Explaining the Ending of Run Rabbit Run (2023)

Run Rabbit Run is a psychological horror film that weaves together themes of generational trauma, guilt, and the blurred line between reality and hallucination. Its ending leaves viewers with more questions than answers, intentionally ambiguous and open to interpretation. Here’s a detailed breakdown of what happens and what it all might mean.

What Really Happened to Alice?

The film gradually reveals the truth about the disappearance of Sarah’s sister, Alice, through a series of hallucinations and flashbacks. As children, Sarah and Alice had a fraught relationship. During a game of hide-and-seek, Sarah locked Alice in a cabinet in the barn. When Alice was finally let out, she attacked Sarah in anger. In the ensuing struggle, Sarah struck Alice with a rabbit trap, causing injuries that mirror those Sarah later imagines on her own daughter, Mia. Panicked, Alice ran toward a cliff, and Sarah chased her-ultimately pushing Alice off the edge to her death.

Sarah lied to her family, claiming Alice had simply run away. This secret, festering for years, becomes the root of Sarah’s psychological unraveling.

Mia, the Rabbit, and the Haunting

Mia, Sarah’s daughter, begins to exhibit strange behavior after a rabbit appears at their home. She insists on being called “Alice,” wants to sleep in Alice’s room, and even claims memories that should only belong to her aunt. The rabbit’s appearance and Mia’s transformation suggest a supernatural element-perhaps Alice’s spirit has returned, either through the rabbit or by possessing Mia.

Sarah’s grip on reality slips further as she starts seeing visions of Alice, hears unexplained noises, and notices injuries on Mia that seem to echo those she inflicted on Alice. These scenes blur the line between Sarah’s hallucinations and reality, making it difficult for both her and the audience to discern what is truly happening.

The Climactic Confession and Confrontation

After a particularly intense hallucination in which Sarah relives the night of Alice’s death, she finally confesses to her own mother that Alice is dead. Back at the house, Sarah speaks to Mia as if she is Alice, admitting she told their mother that Alice ran away because she couldn’t face the truth.
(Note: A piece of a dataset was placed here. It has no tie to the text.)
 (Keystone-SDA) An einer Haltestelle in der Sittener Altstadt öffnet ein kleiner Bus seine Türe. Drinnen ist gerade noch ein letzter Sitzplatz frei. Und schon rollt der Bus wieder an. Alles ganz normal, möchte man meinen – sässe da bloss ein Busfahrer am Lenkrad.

Mia (as Alice) calls Sarah a monster, and Sarah agrees-a moment of devastating self-awareness and guilt.

The Final Scene: What Does It Mean?

The film’s final moments are deliberately ambiguous:

  • Mia is seen following the rabbit toward the cliff, hand-in-hand with a vision of young Alice. Sarah, watching from the window, screams for her daughter, but the movie cuts to black before we see what happens next.
  • Pete, Sarah’s ex-husband, is shown motionless on a bed with a pillow over his face, raising the question of whether he has been killed-by Sarah, Mia, or as another hallucination.
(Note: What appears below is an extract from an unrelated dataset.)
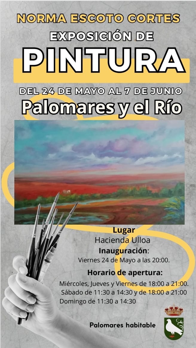 El próximo 24 de mayo se celebrará la inauguración de la exposición de pintura "Palomares y el Río" de la artista Norma Escoto Cortés a las 20:00h en el salón de exposiciones de la Hacienda Ulloa.

This ending can be interpreted in several ways:

  1. Literal Haunting/Reincarnation: Alice’s spirit has returned, either possessing Mia or guiding her to share in her fate. The rabbit serves as a supernatural conduit, and the cycle of trauma repeats itself, with Mia potentially dying the same way as Alice.
  2. Psychological Breakdown: The events are manifestations of Sarah’s unresolved guilt and deteriorating mental health. The final scene may be a hallucination, symbolizing Sarah’s fear that her trauma will consume her daughter as it did her sister. In this reading, Mia and Pete may still be alive, and the haunting is entirely internal.
  3. Ambiguous Reality: The film intentionally blurs reality and delusion, leaving viewers uncertain about what is real. Did Sarah harm Mia and Pete, or is she trapped in a cycle of guilt-induced visions? The open ending forces the audience to confront the horror of unresolved trauma and its capacity to distort perception and reality.

Thematic Takeaways

  • Unresolved Trauma: Sarah’s inability to confront her past leads to a psychological collapse, endangering those she loves and trapping her in a cycle of guilt and hallucination.
  • Generational Cycles: The film suggests that unaddressed trauma can be passed down, with Mia at risk of becoming another victim of Sarah’s unresolved pain.
  • Ambiguity as Horror: By refusing to clarify what is real, Run Rabbit Run amplifies its psychological horror, making the audience complicit in Sarah’s confusion and fear.

Conclusion

The ending of Run Rabbit Run is a haunting meditation on guilt, memory, and the inescapability of the past. Whether you interpret the final scenes as supernatural retribution, psychological collapse, or a blend of both, the film leaves a lingering sense of dread-reminding us that the most terrifying ghosts are often the ones we carry within ourselves.